Integrity

When requesting latest block or logs data from RPC nodes, there's no guarantee that the responding node has the most recent data. eRPC has a built-in mechanism to track highest known block number across all upstreams and enforce additional checks on certain methods such as:

eth_getBlockByNumber
eth_blockNumber
eth_getLogs

How does eRPC handle data integrity?

There are various mechanisms that aim to keep the data integrity as high as possible:

Retry directives such as "retry-empty" or "retry-pending" where request will be sent to another node if one returns an empty or pending response.
Integrity module utilizes various components (e.g. EVM state poller) running for every Upstream, to track latest/finalized blocks and intercept certain methods (e.g. eth_blockNumber or eth_getBlockByNumber(latest)) to ensure the highest known block number is used. This behavior is essential for use-cases like "indexers", to always receive the highest known block number.
Selection policy is used to exclude nodes that have too much block-head lag.

Config

In this page we focus on the (2.) integrity module and its configuration options:

projects:
  - id: main
 
    # Enable for all networks:
    networkDefaults:
      evm:
        integrity:
          # eth_blockNumber and eth_getBlockByNumber if the chosen upstream returns a block older than the highest known block,
          # it will return the highest known block instead.
          # This _might_ cause an extra upstream request for eth_getBlockByNumber(latest) calls.
          enforceHighestBlock: true
 
          # When eth_getLogs end-range is a specific blockNumber ensure only upstreams whose
          # latest block is equal or more handle it, otherwise return an error (i.e. MissingData) for client to retry.
          # This might cause more requests if evm state poller has lagging latest block vs eth_getLogs end-range;
          # it _might_ send an additional eth_blockNumber to other upstreams to see which one definitively has the requested range.
          enforceGetLogsBlockRange: true
 
    # Enable for a specific network:
    networks:
      - type: evm
        evm:
          chainId: 137
          integrity:
            enforceHighestBlock: true
            enforceGetLogsBlockRange: true

How highest-known block number is tracked?

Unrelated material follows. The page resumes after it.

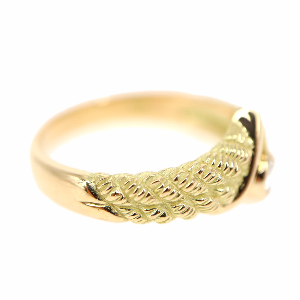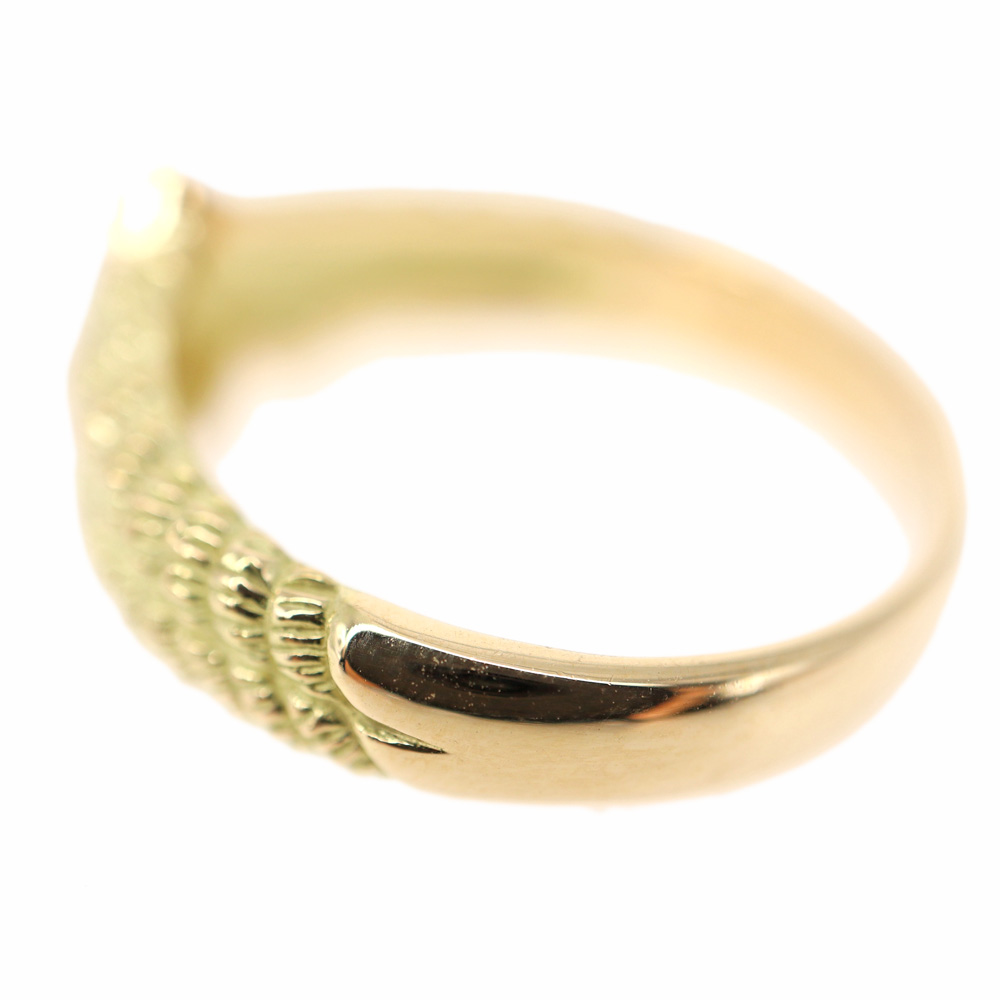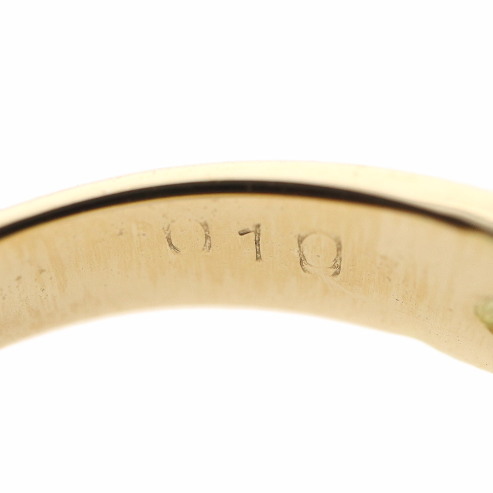 わずかに色味の異なるイエローゴールドが使用されたリングです。 中央にダイヤモンドがセッティングされており、煌びやかなお品となっております。

For every upstream, eRPC has a running state poller running in the background to fetch the latest/finalized block number regularly (plus ad-hoc scenarios explained below). The state poller interval can be configured with:

projects:
  - id: main
 
    # Configure for all upstreams:
    upstreamDefaults:
      evm:
        statePollerInterval: 30s # Default: 30s
        statePollerDebounce: 5s # Default: 5s (or equal to block time if the chainId is a known chain)
 
    # Configure per-upstream:
    upstreams:
      - endpoint: https://xxxxxxxxxx.xyz/chain-137
        evm:
          chainId: 42161
          statePollerInterval: 30s
          statePollerDebounce: 5s

Additionally these are the ad-hoc scenarios where highest-known block number is updated:

When a call to eth_blockNumber is made, the result will be checked against existing highest-known block number, and if it's higher it updates the state poller proactivley.
When a call to eth_getBlockByNumber(latest) is made, the result will be checked against existing highest-known block number, and if it's higher it updates the state poller proactivley.
When a call to eth_getLogs is made and range-end is a block higher than chosen upstream's latest block, a proactive poll happens on state poller (respecting the statePollerDebounce interval) to update the highest-known block number. If still upstream is behind the requested range-end then it will be skipped.

In the config above statePollerInterval is the interval to poll the latest/finalized block number from the upstream. statePollerDebounce is the minimum interval required before next poll happens, this is mainly useful to prevent redundant calls when proactive 'fetch latest block' polls are triggered, as explained for eth_getLogs. The statePollerDebounce value ideally must be equal to block time of the chain (or lower to be safe).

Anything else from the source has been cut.